# FinCompress — Notebook 03: Quantization

**RUN ON: Colab/GPU or Local/CPU**

## Section A: Post-Training Quantization (PTQ)

### How PTQ Works

Quantization reduces weight precision from FP32 (32-bit float, ~10⁷ values per weight) to INT8 (8-bit integer, 256 values per weight). This gives:
- **4× size reduction** (4 bytes → 1 byte per weight)
- **2-4× latency improvement** on x86 CPUs with INT8 SIMD instructions

**How observers work:** PyTorch's `prepare()` inserts observer modules that record activation ranges (min/max or histogram) during a calibration pass. These ranges determine the quantization *scale* and *zero-point*: the two values that map INT8 [−128, 127] to the observed FP32 range.

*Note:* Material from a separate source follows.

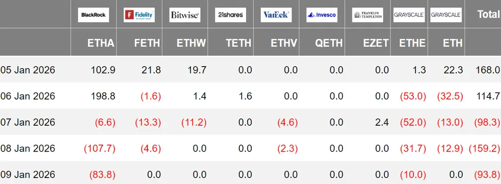 上周流出主要来自灰度 ETHE,净流出 1.45 亿美元。3 只以太坊现货 ETF 处于净流处状态。

**Why fbgemm?** fbgemm is optimized for x86 CPUs (Intel/AMD). qnnpack is for ARM mobile (Android/iOS). Using the wrong backend gives misleadingly slow benchmarks.

**Why keep first/last layers in FP32?**
- Embedding layers: Quantization error propagates multiplicatively through every subsequent layer
- Final classifier: Only 3 outputs — even tiny rounding can change the argmax

In [None]:
import os, sys
PROJECT_PATH = '/content/drive/MyDrive/fincompress'  # adjust if running locally
os.chdir(PROJECT_PATH)
sys.path.insert(0, PROJECT_PATH)

In [None]:
# PTQ runs on CPU — CUDA does not support static quantization
!python -m fincompress.quantization.ptq

In [None]:
import json
from pathlib import Path

inter_info = json.loads(Path('fincompress/checkpoints/student_intermediate_kd/checkpoint_info.json').read_text())
ptq_info   = json.loads(Path('fincompress/checkpoints/student_ptq/checkpoint_info.json').read_text())

print('PTQ Results')
print('=' * 48)
print(f'{"Metric":<25} {"FP32 Student":>10} {"INT8 PTQ":>10}')
print('-' * 48)
print(f'{"Val Macro F1":<25} {inter_info["val_macro_f1"]:>10.4f} {ptq_info["val_macro_f1"]:>10.4f}')
print(f'{"Size (MB)":<25} {inter_info["size_mb"]:>10.1f} {ptq_info["size_mb"]:>10.1f}')
ratio = inter_info['size_mb'] / ptq_info['size_mb']
f1_drop = inter_info['val_macro_f1'] - ptq_info['val_macro_f1']
print('-' * 48)
print(f'{"Compression ratio":<25} {"1.0×":>10} {ratio:.1f}×')
print(f'{"F1 drop":<25} {"0.0000":>10} {f1_drop:>+10.4f}')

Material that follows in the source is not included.